[Stored entries]
===

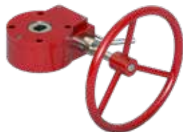
Bray Series 04, 05
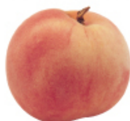
Peaches Mid July – late August

Juicy grapes are filled with flavor. The finest varieties of grapes, such as shine muscat, are cultivated.
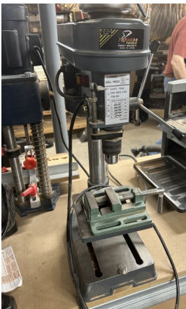
Tornado Table Top Drill Press; 5 Speed with Vise - $75.00
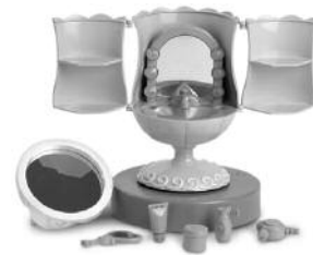
Ice Cream Sundae Vanity
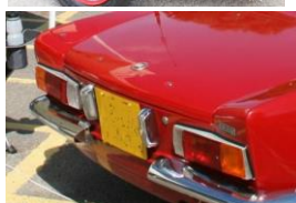
Fiat 124 Spider
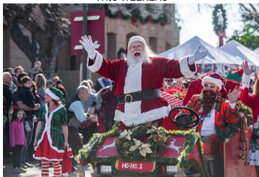
Santa Claus rides with the Georgetown Beard Club near the conclusion of the parade during the 39th Annual Christmas Stroll held in downtown Georgetown 2019.
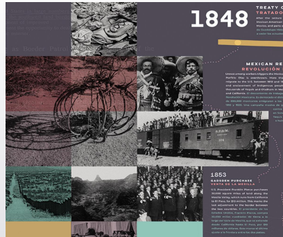
Image from Hostile Terrain 94 installation at Museum of Us, San Diego, CA . detail of immigration timeline at US/Mexico border.

Goal= raise awareness about migration issues on a global scale
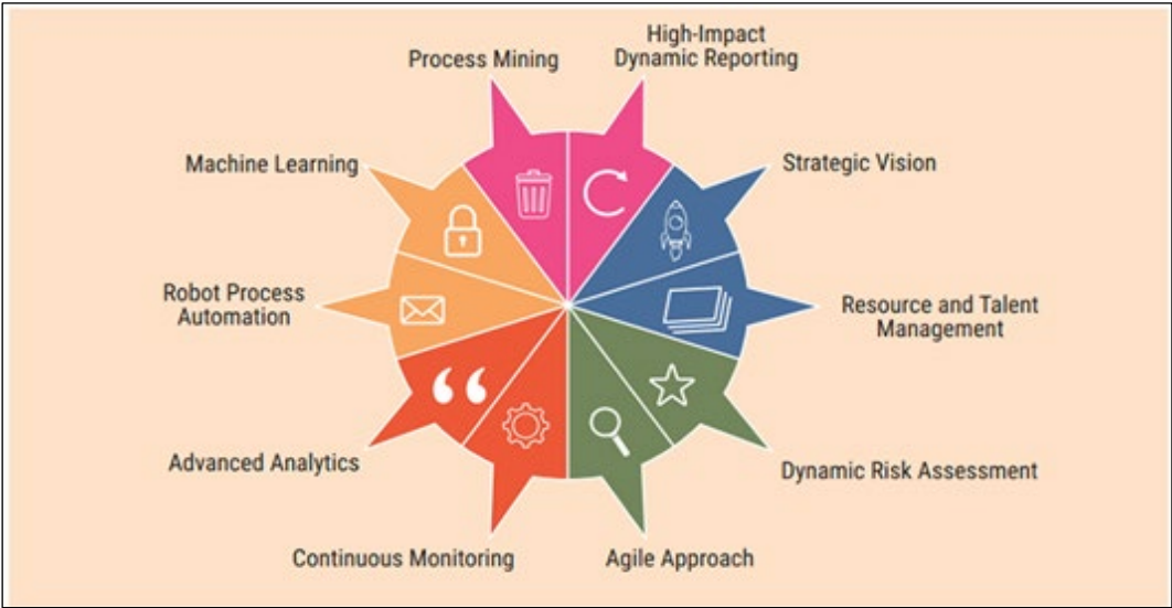
Figure 2. Elements of Future Audit

In general, this research enhances the comprehension of the consciousness and execution of digital audits in Malaysia, providing significant perspectives and suggestions for public auditors and accountants. The Malaysian auditing profession can effectively adapt to the digital era's dynamic landscape by embracing digital auditing and implementing requisite technologies and practices.
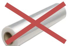
Cling wrap, soft plastics, bubble wrap
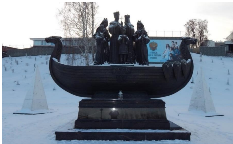
Fig. 4. Monument to the family of the former Emperor Nicholas II. Bogoroditse-Rozhdestvensky Monastery (Tyumen, 29, 25th October Str.). Photo by E. Makarov, November 24, 2022

Discussion. As a result, during writing the research paper there are 4 art objects located in Tyumen, 3 of which are not included in the Register [39]. The commemorative signs were installed in the period from 2001 to 2020. All objects are in a private area, located in the immediate vicinity of the railway station “Tura”: 2 objects on the right side and 2 – on the left (diagram).
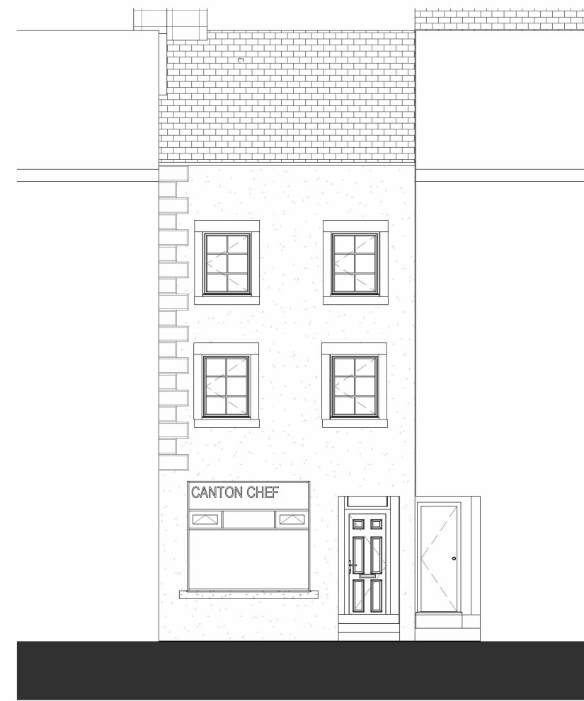
4 South Elevation 1:100
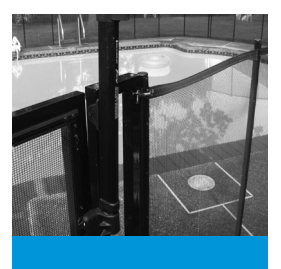
Install fences around home pools. Pool fences should surround all sides of the pool and be at least 4 feet tall with a self-closing and selflatching gate. Remember to empty kids' pools after use and store them upside down.
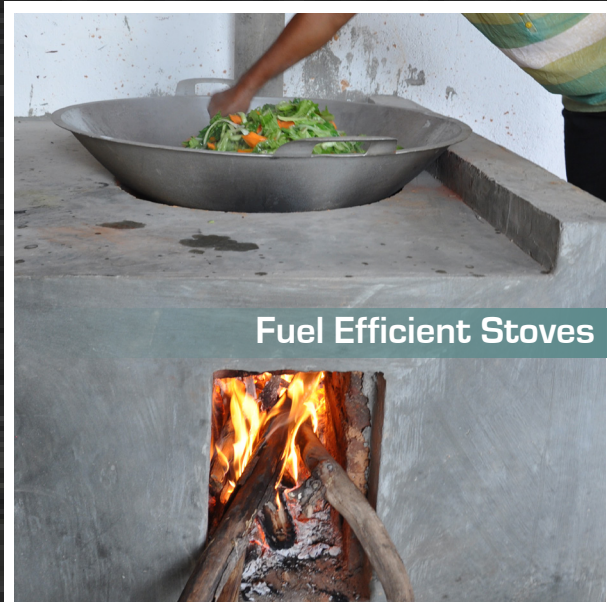
Fuel Efficient Stoves
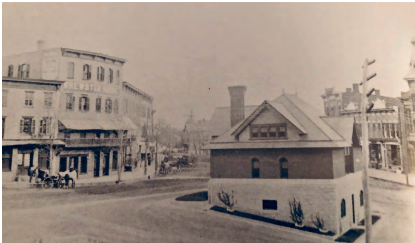
The Village of Brewster in the late 1880s with the First National Bank in the foreground.
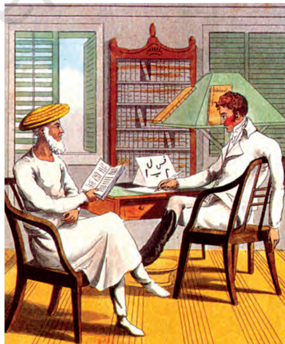
Fig. 1 – William Jones learning Persian

In 1783, a person named William Jones arrived in Calcutta. He had an appointment as a junior judge at the Supreme Court that the Company had set up. In addition to being an expert in law, Jones was a linguist . He had studied Greek and Latin at Oxford, knew French and English, had picked up Arabic from a friend, and had also learnt Persian. At Calcutta, he began spending many hours a day with pandits who taught him the subtleties of Sanskrit language, grammar and
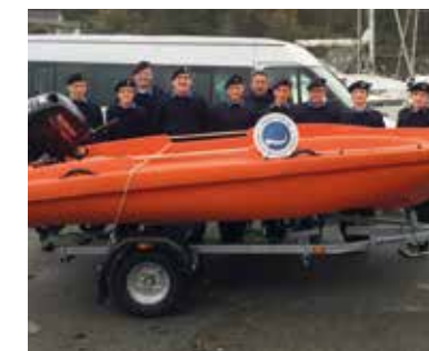
↑ Members of the Fishguard Sea Cadets with their new safety launch.

The yacht club applied to the Community Fund to purchase new navigation lights for their five longboats which are used by the rowing section in Gelliswick. The lights will ensure the boats are well lit and detectable to others on the Waterway.
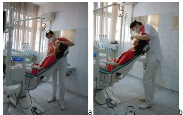
Fig. 3 The orthostatic unbalanced posture

The possible causes of maintaining this posture are: the habitude, the changing resistance, the intensive working rhythm, the feeling of losing some freedom of movements once sitting on the stool and working unassisted or assisted only in part by the dental assistant (the dentist himself takes the tools, which requires moving free in the office space for easy access).
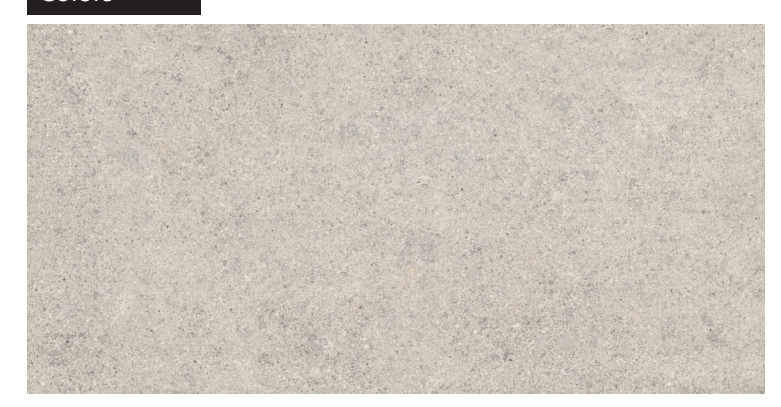
CTTRSEA12241P SEATTLE 12" x 24"
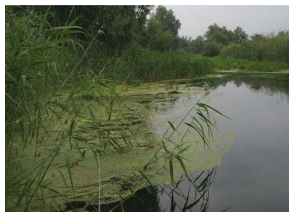
Fig. 5. Brashlen-Kalimok reservoirs
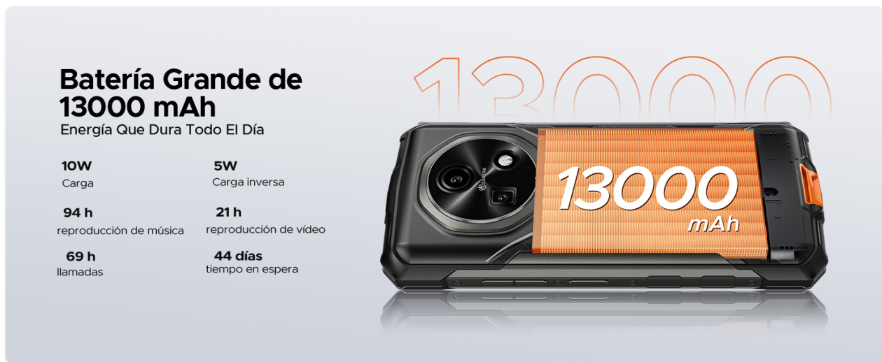
Image: Visual representation of the 13000mAh battery.
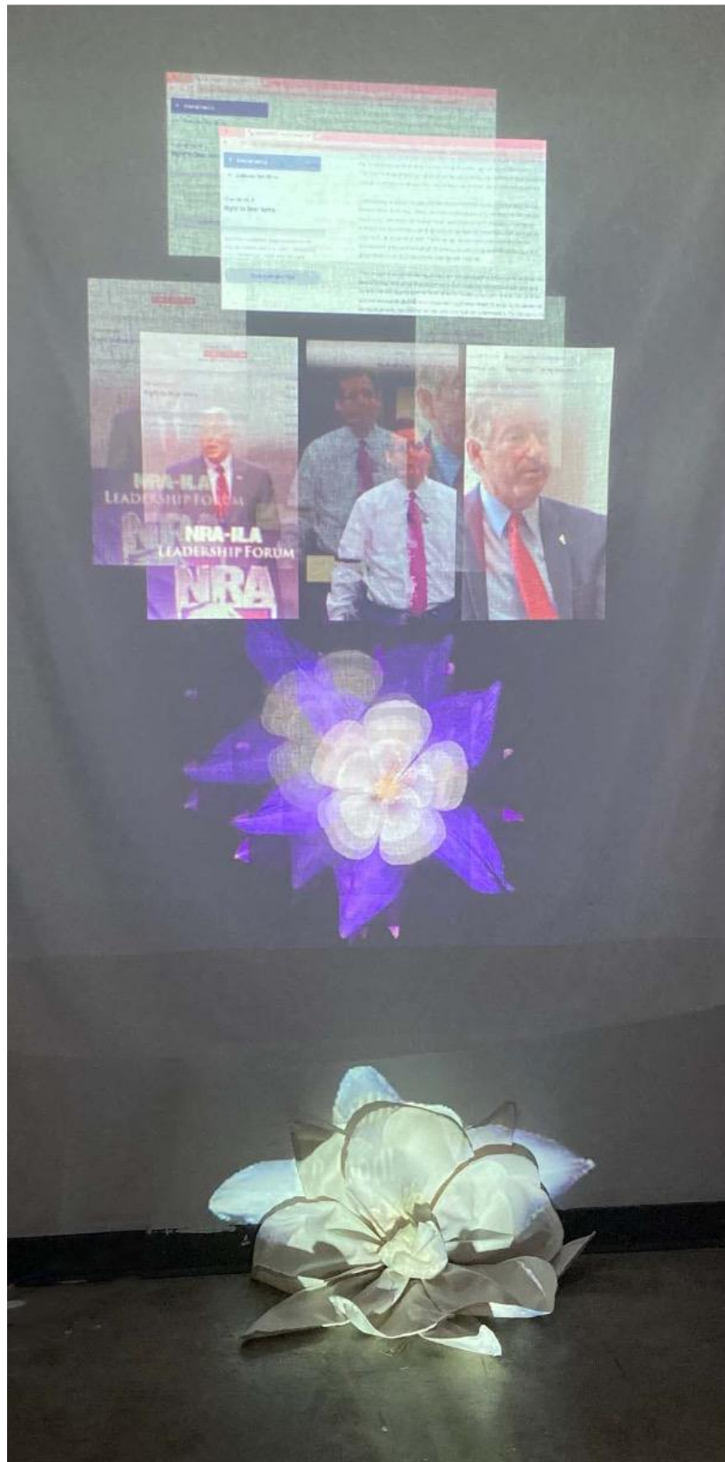
Figure 1: Contaminated
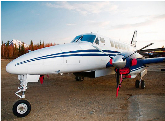
Beech 99 Engine Plugs & Prop Ties

Engine Inlet Plugs are custom fit for your Beech 1900D intakes, made with heavy-duty vinyl material, and stuffed with a single block of sculpted urethane foam. Each plug has a zipper that allows the foam to be removed and dried if necessary. Engine plugs have warning flags that are visible from the cockpit or 'remove before flight' streamers sewn onto the face of the plugs. Most plugs are imprinted with the aircraft registration number in black for an extra charge. Storage bag NOT included. Engine plugs may be inserted after flight when the engine is still warm. Engine Inlet Plugs are commonly referred to as Cowl Plugs, Intake Plugs, Cowl Blocks, Engine Blocks, and Engine Bungs.

===

Required action
Return the preceding entries verbatim, with the pictures excluded.

Answer section
Bray Series 04, 05
Peaches Mid July – late August

Juicy grapes are filled with flavor. The finest varieties of grapes, such as shine muscat, are cultivated.
Tornado Table Top Drill Press; 5 Speed with Vise - $75.00
Ice Cream Sundae Vanity
Fiat 124 Spider
Santa Claus rides with the Georgetown Beard Club near the conclusion of the parade during the 39th Annual Christmas Stroll held in downtown Georgetown 2019.
Image from Hostile Terrain 94 installation at Museum of Us, San Diego, CA . detail of immigration timeline at US/Mexico border.

Goal= raise awareness about migration issues on a global scale
Figure 2. Elements of Future Audit

In general, this research enhances the comprehension of the consciousness and execution of digital audits in Malaysia, providing significant perspectives and suggestions for public auditors and accountants. The Malaysian auditing profession can effectively adapt to the digital era's dynamic landscape by embracing digital auditing and implementing requisite technologies and practices.
Cling wrap, soft plastics, bubble wrap
Fig. 4. Monument to the family of the former Emperor Nicholas II. Bogoroditse-Rozhdestvensky Monastery (Tyumen, 29, 25th October Str.). Photo by E. Makarov, November 24, 2022

Discussion. As a result, during writing the research paper there are 4 art objects located in Tyumen, 3 of which are not included in the Register [39]. The commemorative signs were installed in the period from 2001 to 2020. All objects are in a private area, located in the immediate vicinity of the railway station “Tura”: 2 objects on the right side and 2 – on the left (diagram).
4 South Elevation 1:100
Install fences around home pools. Pool fences should surround all sides of the pool and be at least 4 feet tall with a self-closing and selflatching gate. Remember to empty kids' pools after use and store them upside down.
Fuel Efficient Stoves
The Village of Brewster in the late 1880s with the First National Bank in the foreground.
Fig. 1 – William Jones learning Persian

In 1783, a person named William Jones arrived in Calcutta. He had an appointment as a junior judge at the Supreme Court that the Company had set up. In addition to being an expert in law, Jones was a linguist . He had studied Greek and Latin at Oxford, knew French and English, had picked up Arabic from a friend, and had also learnt Persian. At Calcutta, he began spending many hours a day with pandits who taught him the subtleties of Sanskrit language, grammar and
↑ Members of the Fishguard Sea Cadets with their new safety launch.

The yacht club applied to the Community Fund to purchase new navigation lights for their five longboats which are used by the rowing section in Gelliswick. The lights will ensure the boats are well lit and detectable to others on the Waterway.
Fig. 3 The orthostatic unbalanced posture

The possible causes of maintaining this posture are: the habitude, the changing resistance, the intensive working rhythm, the feeling of losing some freedom of movements once sitting on the stool and working unassisted or assisted only in part by the dental assistant (the dentist himself takes the tools, which requires moving free in the office space for easy access).
CTTRSEA12241P SEATTLE 12" x 24"
Fig. 5. Brashlen-Kalimok reservoirs
Image: Visual representation of the 13000mAh battery.
Figure 1: Contaminated
Beech 99 Engine Plugs & Prop Ties

Engine Inlet Plugs are custom fit for your Beech 1900D intakes, made with heavy-duty vinyl material, and stuffed with a single block of sculpted urethane foam. Each plug has a zipper that allows the foam to be removed and dried if necessary. Engine plugs have warning flags that are visible from the cockpit or 'remove before flight' streamers sewn onto the face of the plugs. Most plugs are imprinted with the aircraft registration number in black for an extra charge. Storage bag NOT included. Engine plugs may be inserted after flight when the engine is still warm. Engine Inlet Plugs are commonly referred to as Cowl Plugs, Intake Plugs, Cowl Blocks, Engine Blocks, and Engine Bungs.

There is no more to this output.